10-Year Glory: President demonstrates unique charm of Chinese leader
At the gate of Liljana Arsovska’s yard, there hang a pair of red Chinese couplets.
“Every year my Chinese friends send me couplets, which is a bond between me and China,” said the renowned China expert from Mexico, who has served for times as the chief Chinese-Mexican interpreter for Mexican Presidents.
Liljana Arsovska
Arsovska was a simultaneous interpreter for the Mexican side when then Chinese Vice President Xi Jinping paid a visit to Mexico in February 2009.
“It was my first time doing simultaneous interpretation for such high-level officials. I was nervous but proud,” Arsovska said in a recent interview with People’s Daily.
“The confidence and humility of the Chinese leader have left a deep impression on the Mexicans,” she said.
Four years later, Xi, as the President of China, paid a state visit to Mexico, and Arsovska once again served as an interpreter.
She told People’s Daily that in a speech President Xi delivered to the Senate of Mexico, the Chinese President said he was a soccer fan and it brought himself much closer to the Mexican people.
She said she was sitting in an interpretation booth less than 50 meters away from Xi, and her excitement made her subconsciously raise the pitch of her speech. The loud voice of her coming out of the speakers even startled herself, she recalled.
Later, Arsovska went for accompanying interpretation for then Mexican President Enrique Pena Nieto. Xi asked her with a smile whether it was her speaking in the interpretation booth, and praised her Chinese after learning that both Spanish and Chinese were not the mother tongue of the woman who was born in former Yugoslavia.
Arsovska never thought that a state leader would have a direct conversation with her to learn her stories. “I was too nervous to answer him. It was after President Nieto reminded me that I told President Xi that I had studied in China,” she said.
She noted that President Xi was very amiable and always kept a smile when listening to her. “He respected my job, which touched me so much. What he said and did demonstrated to me the unique charm of a Chinese leader,” Arsovska said.
During the Eighth G20 Leaders’ Summit held in Sept. 2013 and Nieto’s visit to China in 2014, Arsovska met Xi again as a simultaneous interpreter.
It was out of her expectation that Xi recognized her and warmly greeted her. “My palms were sweating and my heart was warmed,” she recalled.
“This was an acknowledgement from President Xi, and it encouraged me so much,” Arsovska said.

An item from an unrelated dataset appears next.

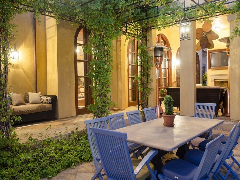 Among all the amenities included, there are a 4-car garage, loggia with fireplace, an outdoor media room, 2,000-square feet of hardscape entertaining area plus built in BBQ bar, 4 gazebos, gardens, landscape lighting and an outdoor music system.

Aerial photo taken on May 29, 2022 shows the scenery of Xiamen, a scenic city in southeast China’s Fujian Province. (People’s Daily Online/Xie Yingjun)
Arsovska has been paying close attention to China’s development over the years, and witnessed the constantly improving livelihood of the Chinese people under the leadership of the Communist Party of China (CPC).
“China is expanding opening up and pursuing common progress, and has lifted hundreds of millions of people out of poverty, which benefited the Chinese people,” Arsovska told People’s Daily.
She said China’s development has set an example for Mexico, such as the construction of rural public infrastructure and integrating rural population into economic and social development.
Today, Arsovska’s youngest son Ivan has finished his study in China and settled in the southeastern Chinese city of Xiamen.
“He told me that he would not go back to Mexico because the 21st century is a century for China,” she told People’s Daily.
Arsovska has always been committed to the study of Chinese culture and translation. She has translated and published a number of contemporary Chinese literature works. Besides, she compiled Latin America’s first Chinese grammar textbook for Spanish readers. In 2014, she was awarded the eighth Special Book Award of China.
“I hope I can make more Spanish readers feel the development of China in literature and nurture more professionals for the future development of Mexico-China exchanges,” she said.
She hopes that China and Latin American countries, including Mexico, could further enhance their communication and cooperation and share with each other development experiences, so as to promote common development of more developing countries.